Researchers may develop unconventional recovery methods such as gas flooding,
heavy oil recovery, the use of chemicals, reservoir simulation, or microbes.
Project Goal
The project was designed to develop tools to find optimum solvents, injection
schedules, and well architecture for a water-alternating-gas (WAG) oil recovery
process for the Alaska North Slope's shallow, viscous oil reservoirs.
Performer
University of Houston
Houston, TX
Project Results
The results of the research established the EOR methods that will yield the
greatest recovery from the North Slope's heavy oil reservoirs. It determined
that:
- Carbon dioxide injection works better than injection of Prudhoe Bay natural
gas liquids (NGL).
- Simulation modeling demonstrated the best strategy for timing and volume of
WAG floods.
- Although sweep efficiency may decrease somewhat, horizontal wells were found
to deliver more heavy oil than vertical wells. The factors that influence horizontal
well performance were identified and can be used to plan horizontal wellbores
and predict recovery.
- The use of electromagnetic heating of the reservoir can double the recovery
of heavy oil.
Benefits
An economic method of recovery for the enormous heavy oil resources on the
North Slope has been the goal of North Slope operators for years. The technologies
and strategies for heavy oil recovery developed by the project to optimize
production through WAG injection via horizontal wellbores will significantly
increase heavy oil production.
The combination of new technologies and a better understanding of what methods
work best in Alaskan heavy oil reservoirs can stimulate increased heavy oil
production on the North Slope and provide continued flow on the Trans-Alaska
Pipeline System (TAPS).
The disposal of CO2 via injection in an EOR project will be an added environmental
benefit as sequestration of a greenhouse gas.
Background
Prudhoe Bay and Kuparuk River fields on Alaska's North Slope are the largest
oil fields in North America. Heavy oil presents the largest potential for
undeveloped reserves from these North Slope fields. The reservoirs are the
largest undeveloped heavy oil accumulations in North America, but recovery
has proved a daunting challenge for North Slope operators. The producing formations
lie at depths of 3,000-5,000 ft in a region of deep permafrost, which causes
the heavy oil to become extremely viscous.

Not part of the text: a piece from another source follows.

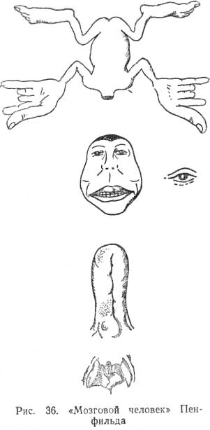 Очень ярко видно, как отражаются в строении коры мозга новые, специфически-человеческие черты при исследовании так называемого проекционного двигательного поля (на рис. 35 оно обозначено цифрой 4). Если осторожно раздражать электрическим током различные точки этого поля, то по-вызываемому раздражением сокращению различных мышечных групп можно точно представить себе, какое место занимает в нем проекция того или иного органа. Пенфильд выразил итог этих опытов в виде схематического и, конечно, условного рисунка, который мы здесь приводим (рис. 36). Из этого рисунка, выполненного в определенном масштабе, видно, какую относительно большую поверхность занимает в человеческом мозге проекция таких органов движения, как руки (кисти), и особенно органов звуковой речи (мышцы рта, языка, органов гортани), функции которых развивались особенно интенсивно в условиях человеческого общества (труд, речевое общение). Совершенствовались под влиянием труда и в связи с развитием мозга также и органы чувств человека. Как и органы внешней деятельности, они приобрели качественно новые особенности. Уточнилось чувство осязания, очеловечившийся глаз стал замечать в вещах больше, чем глаза самой дальнозоркой птицы, развился слух, способный воспринимать тончайшие различия и сходства звуков человеческой членораздельной речи. В свою очередь развитие мозга и органов чувств оказывало обратное влияние на труд и язык, «давало обоим все новый толчок к дальнейшему развитию»[101]. Создаваемые трудом, отдельные анатомо-физиологические изменения необходимо влекли за собой, в силу естественной взаимозависимости развития органов, и изменение организма в целом. Таким образом, возникновение и развитие труда привело к изменению всего физического облика человека, к изменению всей его анатомо-физиологической организации. Конечно, возникновение труда было подготовлено всем предшествующим ходом развития. Постепенный переход к вертикальной походке, зачатки которой отчетливо наблюдаются даже у ныне существующих человекообразных обезьян, и формирование в связи и с этим особо подвижных, приспособленных для схватывания предметов передних конечностей, все более освобождающихся от функции ходьбы, что объясняется тем образом жизни, который вели животные предки человека, — все это создавало физические предпосылки для возможности производить сложные трудовые операции. Подготавливался процесс труда и с другой стороны. Появление труда было возможно только у таких животных, которые жили целыми группами и у которых существовали достаточно развитые формы совместной жизни, хотя эти формы были, разумеется, еще очень далеки даже от самых примитивных форм человеческой, общественной жизни. О том, насколько высоких ступеней развития могут достигать формы совместной жизни у животных, свидетельствуют интереснейшие исследования Н. Ю. Войтониса и Н. А. Тих, проведенные в Сухумском питомнике. Как показывают эти исследования, в стаде обезьян существует уже сложившаяся система взаимоотношений и своеобразной иерархии, с соответственно весьма сложной системой общения. Вместе с тем эти исследования позволяют лишний раз убедиться в том, что, несмотря на всю сложность внутренних отношений в обезьяньем стаде, они все же ограничены непосредственно биологическими отношениями и никог

The North Slope fields have been exploited since the 1970s; both Prudhoe
Bay and Kuparuk River fields are now in decline. Over 20% of the Nation's
oil supply is carried by TAPS, but production declines have reduced the volume
carried by 25% from its peak capacity. Further declines in production will
make TAPS uneconomic to operate unless new resources can be developed to offset
the decline restore pipeline throughput. The estimated resource of heavy oil
on the North Slope recoverable with current technology is 10-20 billion barrels.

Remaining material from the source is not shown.